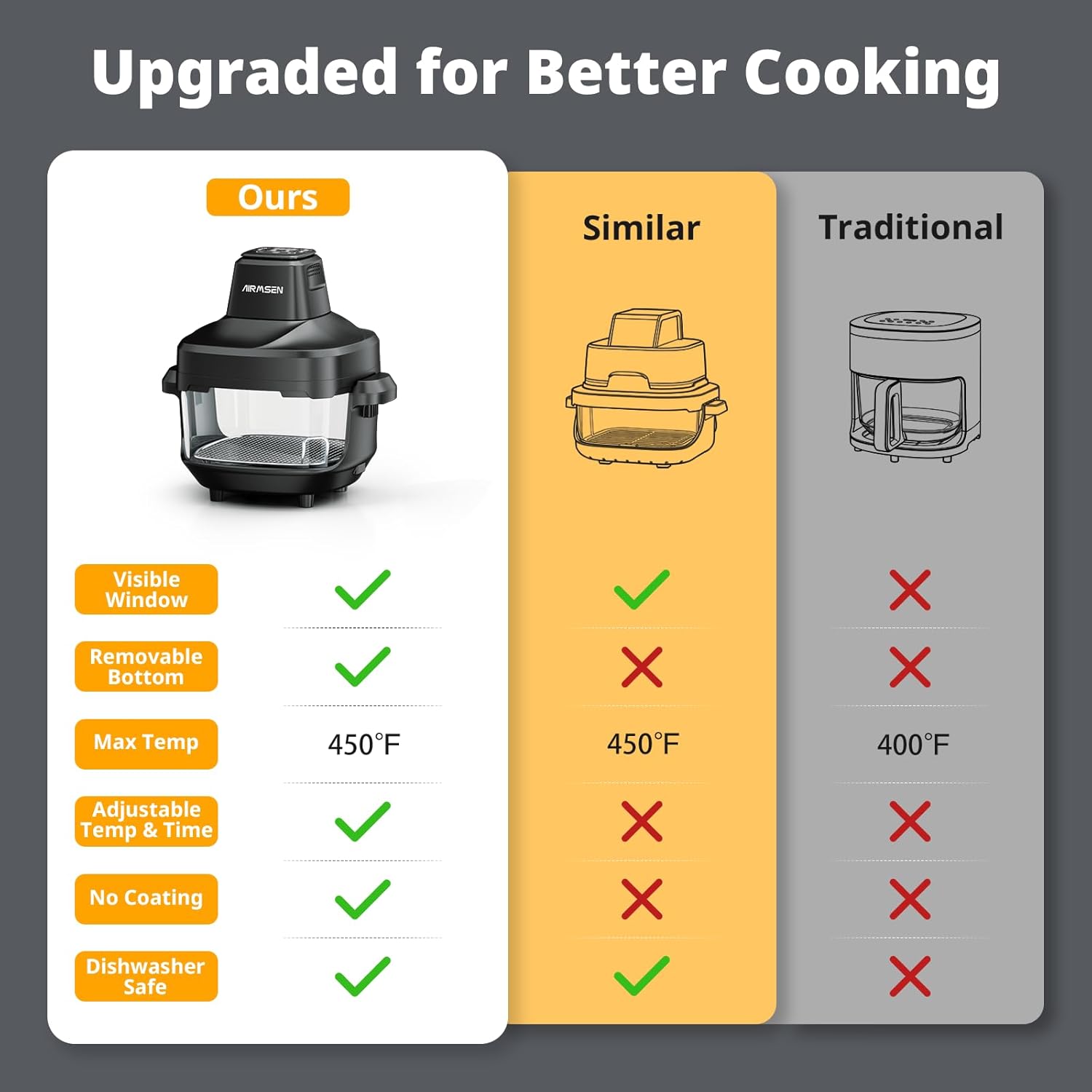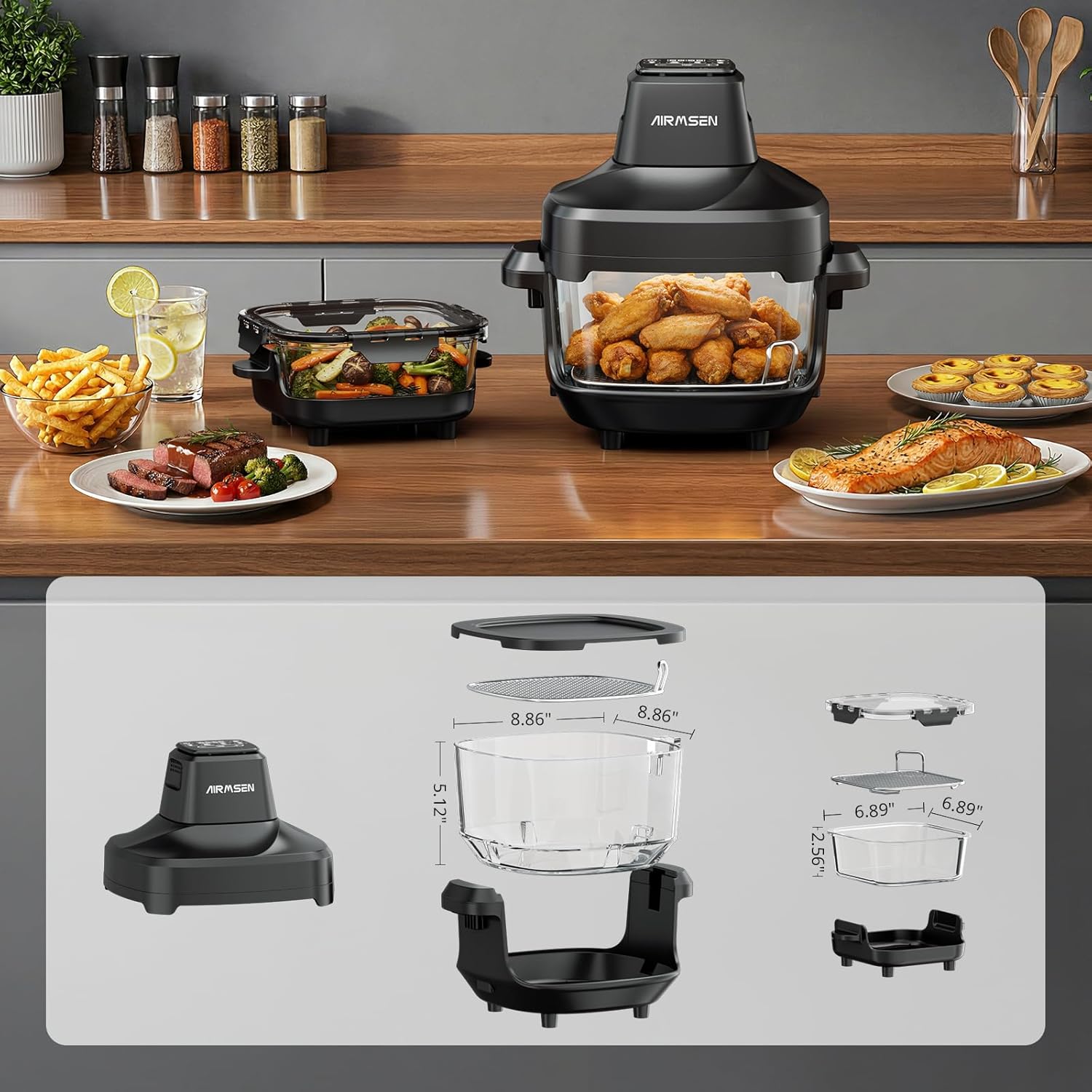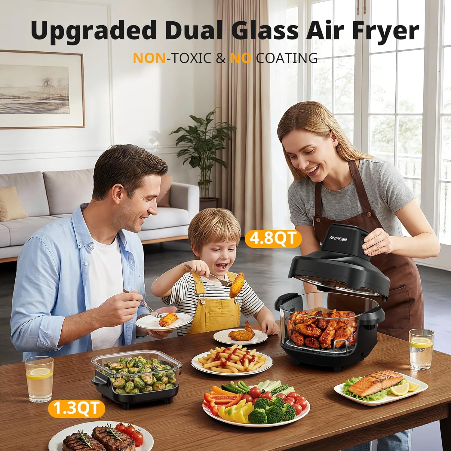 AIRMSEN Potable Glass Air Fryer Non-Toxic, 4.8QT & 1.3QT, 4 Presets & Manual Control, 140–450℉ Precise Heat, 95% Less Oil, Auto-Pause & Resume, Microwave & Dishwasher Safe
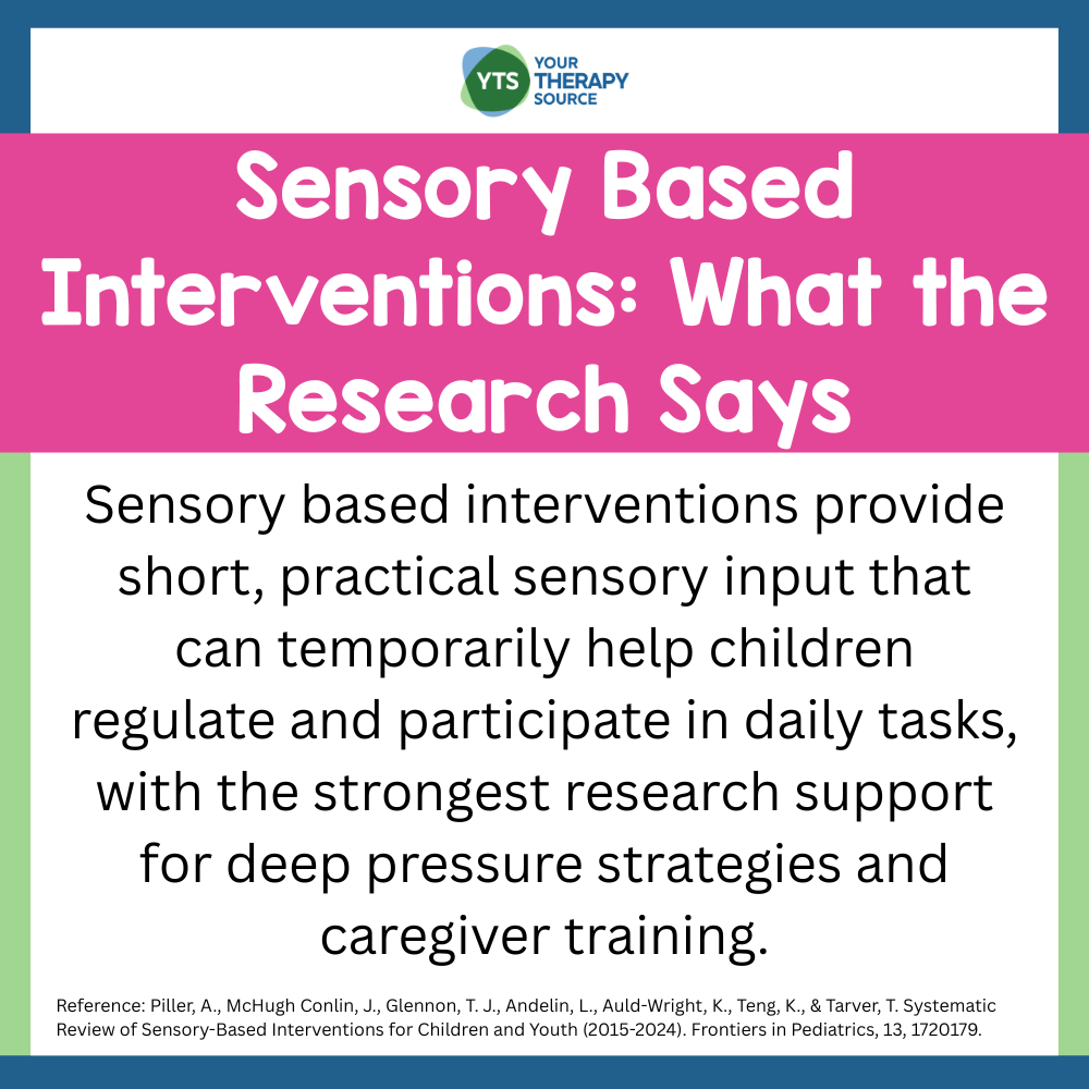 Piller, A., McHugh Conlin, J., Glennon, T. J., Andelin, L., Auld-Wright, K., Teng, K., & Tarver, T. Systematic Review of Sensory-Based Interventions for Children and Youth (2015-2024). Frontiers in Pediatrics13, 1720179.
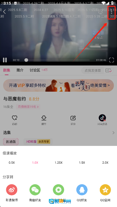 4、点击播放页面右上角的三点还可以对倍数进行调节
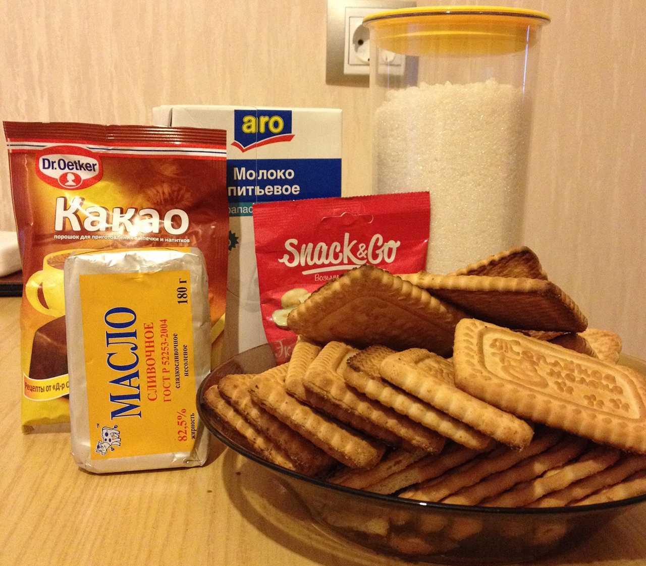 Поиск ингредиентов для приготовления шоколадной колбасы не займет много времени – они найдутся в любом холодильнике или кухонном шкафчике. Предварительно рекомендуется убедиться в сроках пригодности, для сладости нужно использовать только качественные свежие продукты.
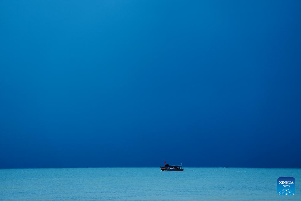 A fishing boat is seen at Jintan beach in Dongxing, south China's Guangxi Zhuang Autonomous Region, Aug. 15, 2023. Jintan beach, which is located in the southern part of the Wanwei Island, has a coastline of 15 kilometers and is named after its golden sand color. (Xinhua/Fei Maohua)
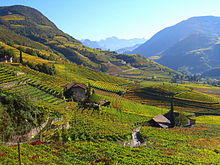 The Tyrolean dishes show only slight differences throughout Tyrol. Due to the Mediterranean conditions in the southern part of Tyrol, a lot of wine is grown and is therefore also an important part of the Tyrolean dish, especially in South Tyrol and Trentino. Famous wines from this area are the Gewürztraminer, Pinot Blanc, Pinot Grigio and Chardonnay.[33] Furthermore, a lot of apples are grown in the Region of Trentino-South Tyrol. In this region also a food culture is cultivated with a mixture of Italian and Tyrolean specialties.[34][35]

- [EXERCISE DETAILS] Without the pictures, restate all of the entries above verbatim.

- [EXERCISE ANSWER]
 AIRMSEN Potable Glass Air Fryer Non-Toxic, 4.8QT & 1.3QT, 4 Presets & Manual Control, 140–450℉ Precise Heat, 95% Less Oil, Auto-Pause & Resume, Microwave & Dishwasher Safe
 Piller, A., McHugh Conlin, J., Glennon, T. J., Andelin, L., Auld-Wright, K., Teng, K., & Tarver, T. Systematic Review of Sensory-Based Interventions for Children and Youth (2015-2024). Frontiers in Pediatrics13, 1720179.
 4、点击播放页面右上角的三点还可以对倍数进行调节
 Поиск ингредиентов для приготовления шоколадной колбасы не займет много времени – они найдутся в любом холодильнике или кухонном шкафчике. Предварительно рекомендуется убедиться в сроках пригодности, для сладости нужно использовать только качественные свежие продукты.
 A fishing boat is seen at Jintan beach in Dongxing, south China's Guangxi Zhuang Autonomous Region, Aug. 15, 2023. Jintan beach, which is located in the southern part of the Wanwei Island, has a coastline of 15 kilometers and is named after its golden sand color. (Xinhua/Fei Maohua)
 The Tyrolean dishes show only slight differences throughout Tyrol. Due to the Mediterranean conditions in the southern part of Tyrol, a lot of wine is grown and is therefore also an important part of the Tyrolean dish, especially in South Tyrol and Trentino. Famous wines from this area are the Gewürztraminer, Pinot Blanc, Pinot Grigio and Chardonnay.[33] Furthermore, a lot of apples are grown in the Region of Trentino-South Tyrol. In this region also a food culture is cultivated with a mixture of Italian and Tyrolean specialties.[34][35]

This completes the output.